Mary sat at Jesus’ feet to hear His words, Mary fell at His feet in grief at Lazarus’ death, and, most extravagantly, Mary knelt at His feet to anoint them and dry them with her hair (Luke 10:39; John 11:32; 12:3). Her position of humble devotion makes Mary of the Feet a model of faithful discipleship for women, and men, to this day.
Marys of the Cross
Other than their names, not much is known about the wife of Clopas and mother of little James and Joses. Some think that they’re the same person (Mark 15:40; John 19:25). Maybe. What is important is not so much who they were than where they were. We find them at the cross with Mary, the mother of Jesus, and Mary Magdalene — a company of faithful friends and followers of Jesus to the end. It’s significant that the name Mary is clustered most densely in the Gospel accounts of the cross.
Marys of the Church
We get only one intriguing sentence each for the remaining two Marys of the New Testament. At the house of Mary, the mother of John Mark, the church gathered in earnest prayer when Peter arrived after escaping from prison. She is the picture of hospitality for the church assembled (Acts 12:12).

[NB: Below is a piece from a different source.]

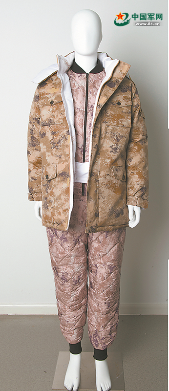 据有关负责人介绍,新研发的防寒被装共5个品种,在增强防护功能的同时,更轻更便捷。其中,新型单兵睡袋融合17式单兵帐篷、睡袋、睡垫3种产品功能,利用工业结构设计与材料开发技术实现一体化突破,重量减轻、体积缩小,较之前产品总体积减少50%,可在海拔5000米以上、气温-40℃以下高原高寒环境使用。新型羽绒作训大衣、羽绒棉衣裤,面料采用高强度锦纶纤维,贴合热塑弹性防水透湿薄膜,触感柔软、耐磨防勾丝;其絮片结构设计,可有效提高保暖性。新型防寒靴,采用耐低温发泡中底等新材料,总重量较07式防寒靴大幅减轻,在鞋头、后跟与双侧脚弓位置加入防磨、防踢片,更好保护脚趾、脚跟、脚踝,延长使用寿命。新型多用途雪地伪装服,采用锦纶加抗静电丝,新型涂覆技术与雪地迷彩结合,有效提高可见光与近红外隐蔽性,充分考虑携行装具与服装多层穿搭情况,内部预留活动余量;伪装服展开后可作为篷布,与单兵睡袋搭配使用,弥补睡袋伪装短板。

Of Paul’s beloved co-worker in the gospel we have a single line: “Greet Mary, who labored much for us” (Romans 16:6). She is a good conclusion to what it means to be a Mary. Being with Jesus, transformed by Jesus, being witnesses of God’s word and work in Jesus, Mary is representative of a faithful disciple who rises from their feet at the cross and, through the power of the Risen, works by faith, laboring in love for others.
The church is often likened to a woman, a wife, a mother. If we were to give her a name, I would call her Mary.